Here again, it is interesting to compare our results to the predictions of Smith’s model for reaching adaptation. In a very recent study, Joiner and Smith (2008) have shown that for reaching, performance at 24 h is related to initial exposure duration, more specifically to the parameters of the slow learning process of their two-state model (Fig. 3 in Joiner and Smith 2008). Applying their model to our data, the prediction was therefore that the locomotor performance on day 2 would be proportional to exposure duration on day 1. This prediction was not confirmed by our findings, suggesting that contrary to same-day aftereffects, reaching and walking may use different mechanisms for next day retention. During learning, a set of cellular and molecular mechanisms are triggered (Bailey and Kandel 1993). Some of these learning mechanisms continue to operate after practice has stopped (Seeds et al. 1995). Moreover, it has been suggested that the mechanisms involved in short-term and in long-term memory are not the same. For example, animal studies have shown that short-term memory processes involve modifications of pre-existing proteins while long-term memory processes require activation of gene expression, new protein synthesis and/or the formation of new neural connections (Kandel 2001; Bailey et al. 1996). Thus, long-term memory processes could be related not only to the repeated usage of a synapse but also to the state of the transcriptional machinery (Kandel 2001). It is possible that in the present task, some of the long-term mechanisms involved were initiated during the 24-h delay between the two walking tests in the force field, explaining why exposure duration did not have the same effect on day 1 aftereffects and day 2 initial errors. Of course, these explanations remain theoretical, as cellular aspects of learning could not be addressed in the present experiment.
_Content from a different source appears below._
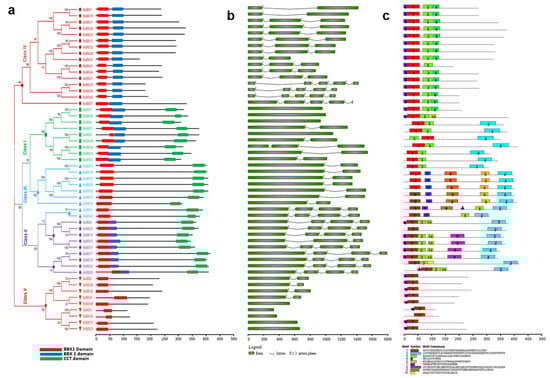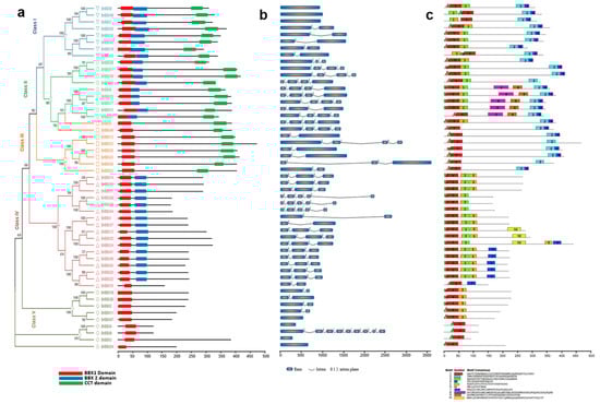 Brassica oleracea B-box gene structures (a), motifs (b), and conserved domains (c). The domain architecture of the B-box genes is presented in panel a. Exons are represented by colored boxes, whereas introns are indicated by gray lines (b). Colored boxes indicate conserved motifs and gray lines represent non-conserved sequences. The motif lengths in each protein are presented proportionally. Classes I–V represent different groups of B-box family members in B. oleracea.

Regarding the motor pattern, inter-subject differences in muscle activation strategy were observed during force field adaptation. Some subjects used an earlier onset of muscle activity, while others changed the shape of the activation burst without necessarily advancing burst onset. Using a “center of mass” analysis on the rectified EMG activity, it was possible to show that as a group, subjects on day 2 had an earlier effective onset of activation of both MH and LH. These results likely represent anticipation of the force perturbation. This mechanism could explain in part the reduction in initial velocity error on day 2, through a preloading of hamstrings in preparation for the upcoming pulling action of the elastic force arriving near toe-off. Other studies have shown a modification in the onset of activation of muscles after adaptation (Thoroughman and Shadmehr 1999; Hinder and Milner 2005). Similar to the improvement observed in kinematic performance, this change in the onset of muscle activation on day 2 could be explained by the initiation of long-term learning mechanisms (Kandel 2001).

Conclusion

The present study shows that exposure duration has an impact on immediate transfer of motor patterns (aftereffects). However, retention of the new movement parameters, when tested as initial performance during elastic exposure 24 h later, was apparently not influenced by exposure duration, at least for exposures greater than 49 strides, with the majority of participants showing an initial lower error in their peak toe velocity and an earlier hamstrings activation. These results suggest that in healthy subjects, even very short daily exposures to a force field leads to the retention of a newly learned locomotor pattern. Our future work will address how much of this capacity remains after disease/injury to the central nervous system affecting the control of walking. If adaptive capacity is conserved, force field could then be considered as a tool to train people with locomotor disabilities.